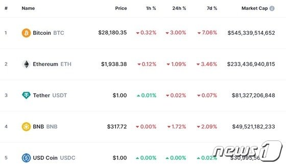 비트코인은 21일 오전 6시 30분 현재 글로벌 코인시황 중계사이트인 코인마켓캡에서 24시간 전보다 3.00% 하락한 2만8180 달러를 기록하고 있다.
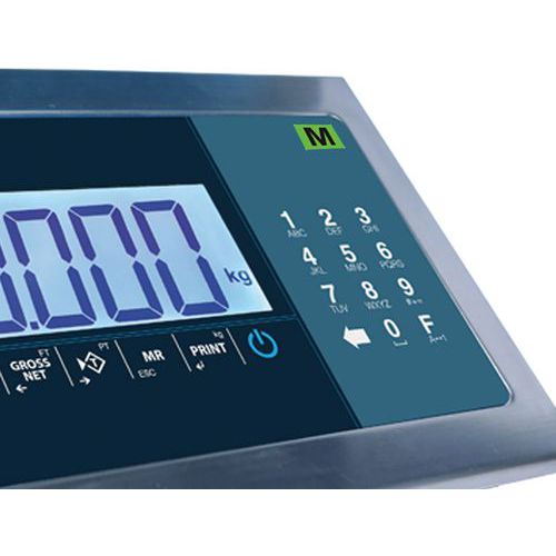 | Functies | Weging, tarreren, tellen, handmatig of automatisch totaliseren, directe toetsdruk van het tarragewicht, geheugen van 5 tarragewichten, controle +/- met visuele indicatie (oranje-groen-rood), RS232-uitgang. |
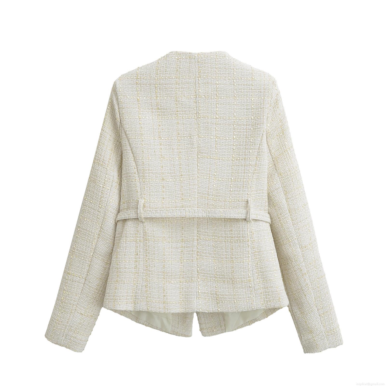 Women's Elegant Ivory Tweed Jacket With Belt Gold Embossed Buttons Round Neck Long Sleeve Classic Cream Short Coat For Office Daily Autumn Winter Outerwear
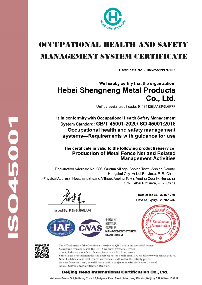 Стать международным ведущим поставщиком решений в области защиты и поддержки инфраструктурной безопасности. Мы стремимся с помощью инновационных технологий стимулировать модернизацию отрасли, укреплять каждый рубеж и каждую опору превосходным качеством, чтобы ООО Хэбэй Шэннэн Металлоизделия стало мировым доверенным фундаментом отрасли, помогая строить мир более прочным и прекрасным.

====

■ **Exercise**
Only an exact copy is wanted: the lines from the opening of the material through the line that has "(oranje-groen-rood), RS232-uitgang. |", minus any pictures.

■ **Exercise answer**
 비트코인은 21일 오전 6시 30분 현재 글로벌 코인시황 중계사이트인 코인마켓캡에서 24시간 전보다 3.00% 하락한 2만8180 달러를 기록하고 있다.
 | Functies | Weging, tarreren, tellen, handmatig of automatisch totaliseren, directe toetsdruk van het tarragewicht, geheugen van 5 tarragewichten, controle +/- met visuele indicatie (oranje-groen-rood), RS232-uitgang. |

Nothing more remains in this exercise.